RECORD SET ->
○ ○ ○ ○
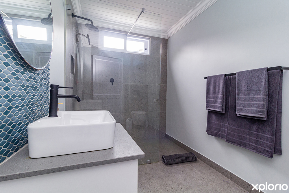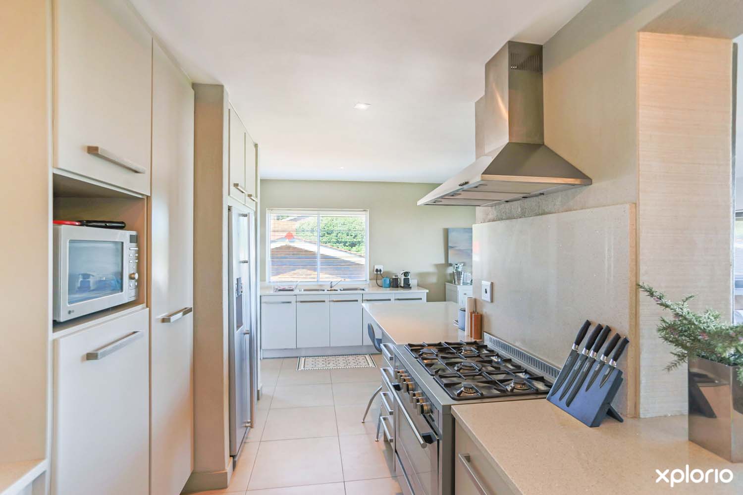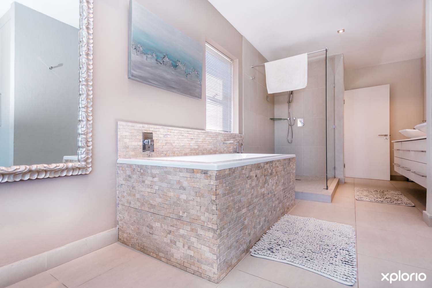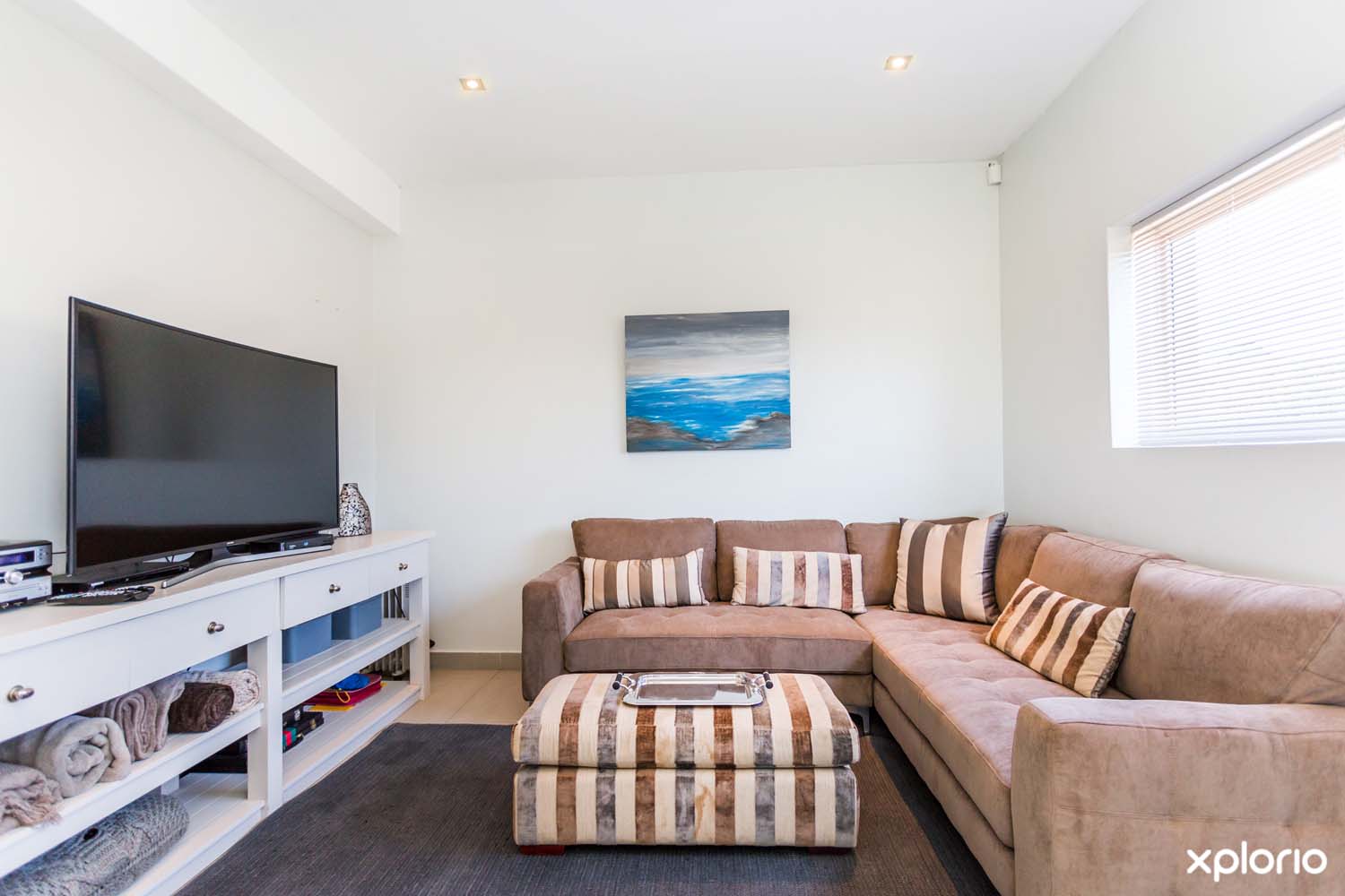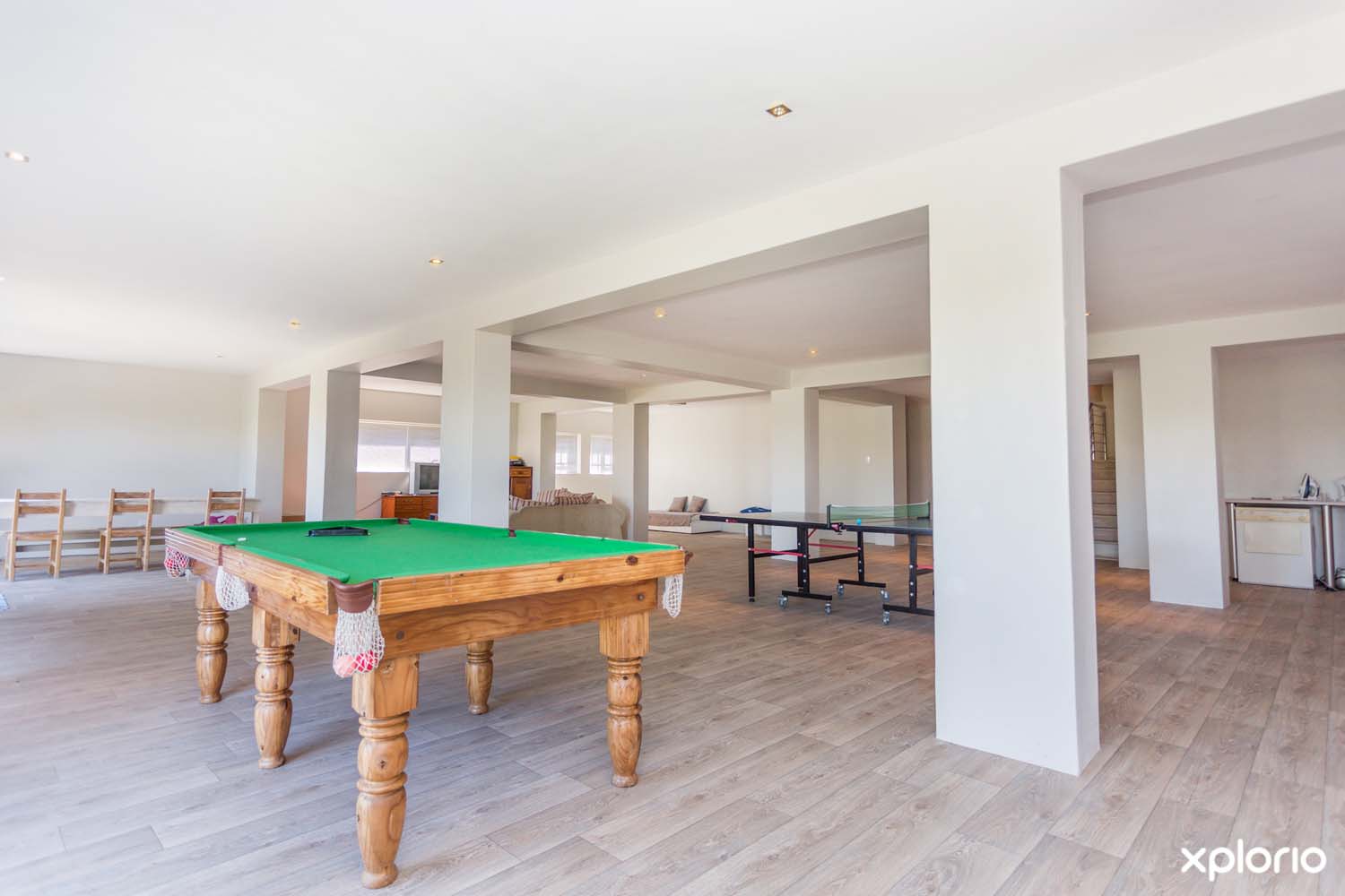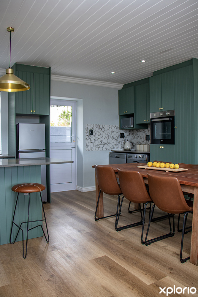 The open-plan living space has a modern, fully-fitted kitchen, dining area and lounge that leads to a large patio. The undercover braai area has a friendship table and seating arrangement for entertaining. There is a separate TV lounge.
○ ○ ○ ○
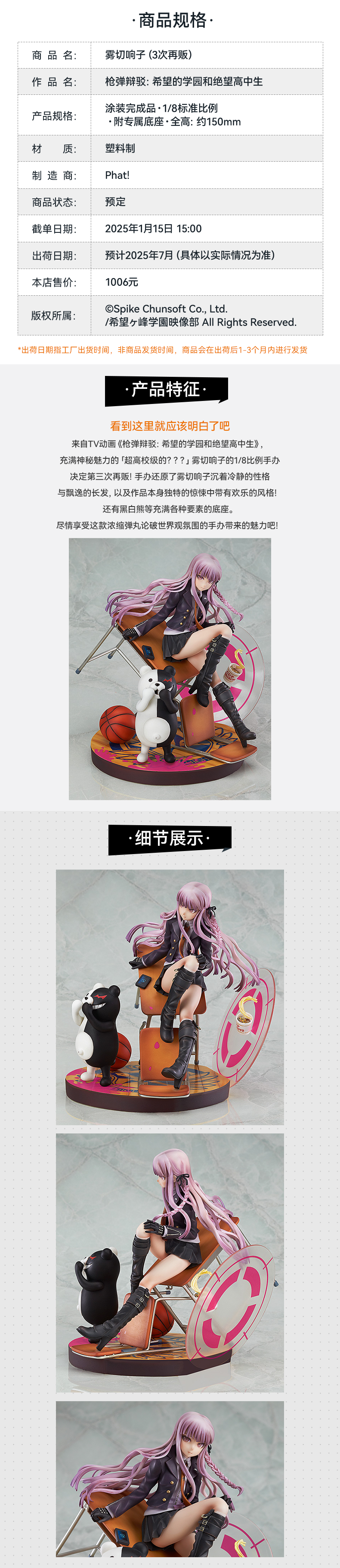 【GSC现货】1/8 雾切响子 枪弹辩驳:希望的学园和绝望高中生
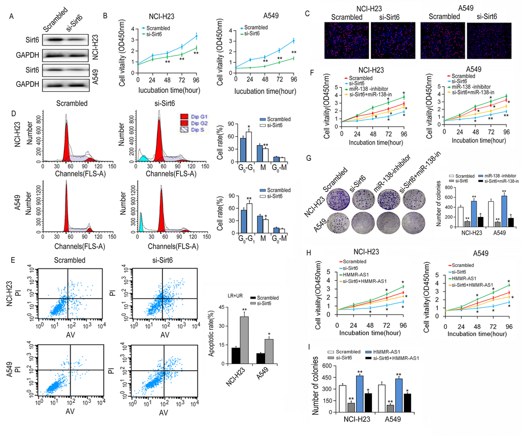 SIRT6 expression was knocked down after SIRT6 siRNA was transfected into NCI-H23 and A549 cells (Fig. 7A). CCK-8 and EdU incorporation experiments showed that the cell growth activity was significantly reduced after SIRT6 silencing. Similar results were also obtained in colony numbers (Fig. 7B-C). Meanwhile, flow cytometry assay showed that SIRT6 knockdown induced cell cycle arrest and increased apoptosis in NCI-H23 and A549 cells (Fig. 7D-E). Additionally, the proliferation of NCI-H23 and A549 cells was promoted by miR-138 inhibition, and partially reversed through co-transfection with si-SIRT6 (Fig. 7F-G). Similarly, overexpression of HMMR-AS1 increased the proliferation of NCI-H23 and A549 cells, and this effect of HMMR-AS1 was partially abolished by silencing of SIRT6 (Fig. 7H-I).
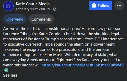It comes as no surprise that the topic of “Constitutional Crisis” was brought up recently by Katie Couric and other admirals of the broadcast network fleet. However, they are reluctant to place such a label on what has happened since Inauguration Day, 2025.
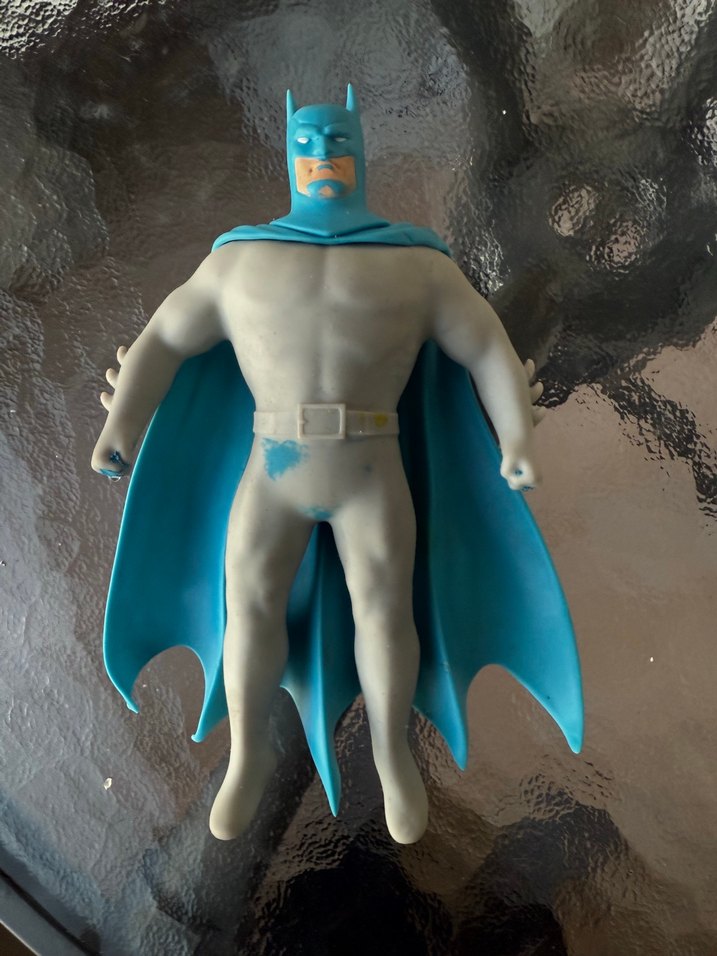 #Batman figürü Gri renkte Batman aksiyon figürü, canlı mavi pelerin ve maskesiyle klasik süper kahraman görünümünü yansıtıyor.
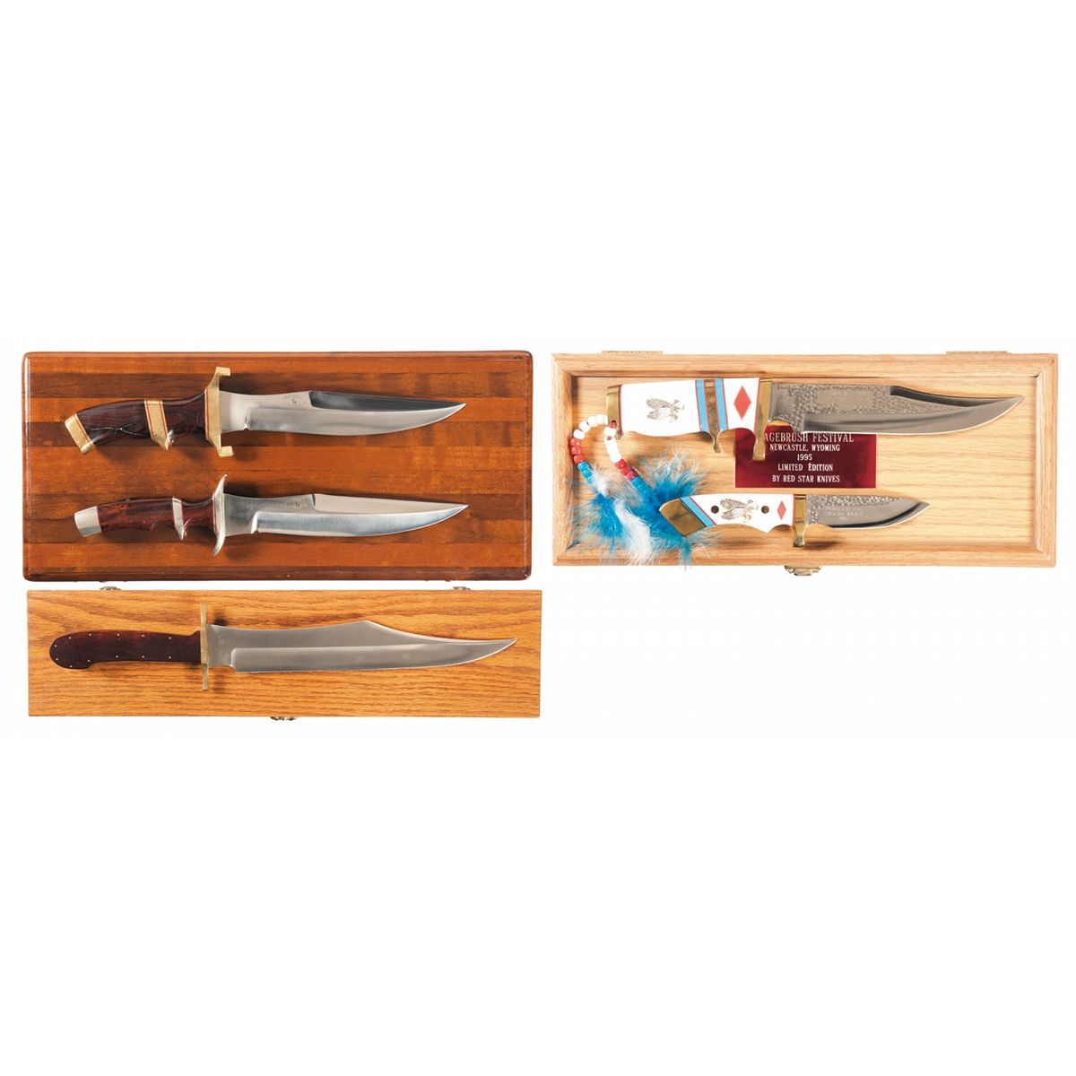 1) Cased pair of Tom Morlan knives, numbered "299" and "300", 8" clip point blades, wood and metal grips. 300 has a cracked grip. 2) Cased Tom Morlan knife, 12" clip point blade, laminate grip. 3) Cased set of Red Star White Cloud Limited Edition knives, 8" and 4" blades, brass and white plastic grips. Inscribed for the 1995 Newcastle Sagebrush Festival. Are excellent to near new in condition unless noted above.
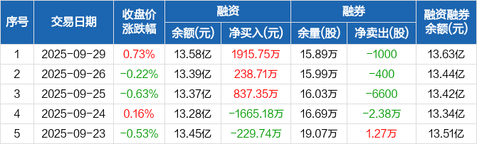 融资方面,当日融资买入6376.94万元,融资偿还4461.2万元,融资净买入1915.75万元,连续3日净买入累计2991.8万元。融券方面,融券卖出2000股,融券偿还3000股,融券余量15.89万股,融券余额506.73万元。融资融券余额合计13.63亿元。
○ ○ ○ ○
When copying from the data above, begin at the line containing "SIRT6 expression was" and end at the line containing "1) Cased pair"; return those lines exactly and leave all pictures behind.

 SIRT6 expression was knocked down after SIRT6 siRNA was transfected into NCI-H23 and A549 cells (Fig. 7A). CCK-8 and EdU incorporation experiments showed that the cell growth activity was significantly reduced after SIRT6 silencing. Similar results were also obtained in colony numbers (Fig. 7B-C). Meanwhile, flow cytometry assay showed that SIRT6 knockdown induced cell cycle arrest and increased apoptosis in NCI-H23 and A549 cells (Fig. 7D-E). Additionally, the proliferation of NCI-H23 and A549 cells was promoted by miR-138 inhibition, and partially reversed through co-transfection with si-SIRT6 (Fig. 7F-G). Similarly, overexpression of HMMR-AS1 increased the proliferation of NCI-H23 and A549 cells, and this effect of HMMR-AS1 was partially abolished by silencing of SIRT6 (Fig. 7H-I).
It comes as no surprise that the topic of “Constitutional Crisis” was brought up recently by Katie Couric and other admirals of the broadcast network fleet. However, they are reluctant to place such a label on what has happened since Inauguration Day, 2025.
 #Batman figürü Gri renkte Batman aksiyon figürü, canlı mavi pelerin ve maskesiyle klasik süper kahraman görünümünü yansıtıyor.
 1) Cased pair of Tom Morlan knives, numbered "299" and "300", 8" clip point blades, wood and metal grips. 300 has a cracked grip. 2) Cased Tom Morlan knife, 12" clip point blade, laminate grip. 3) Cased set of Red Star White Cloud Limited Edition knives, 8" and 4" blades, brass and white plastic grips. Inscribed for the 1995 Newcastle Sagebrush Festival. Are excellent to near new in condition unless noted above.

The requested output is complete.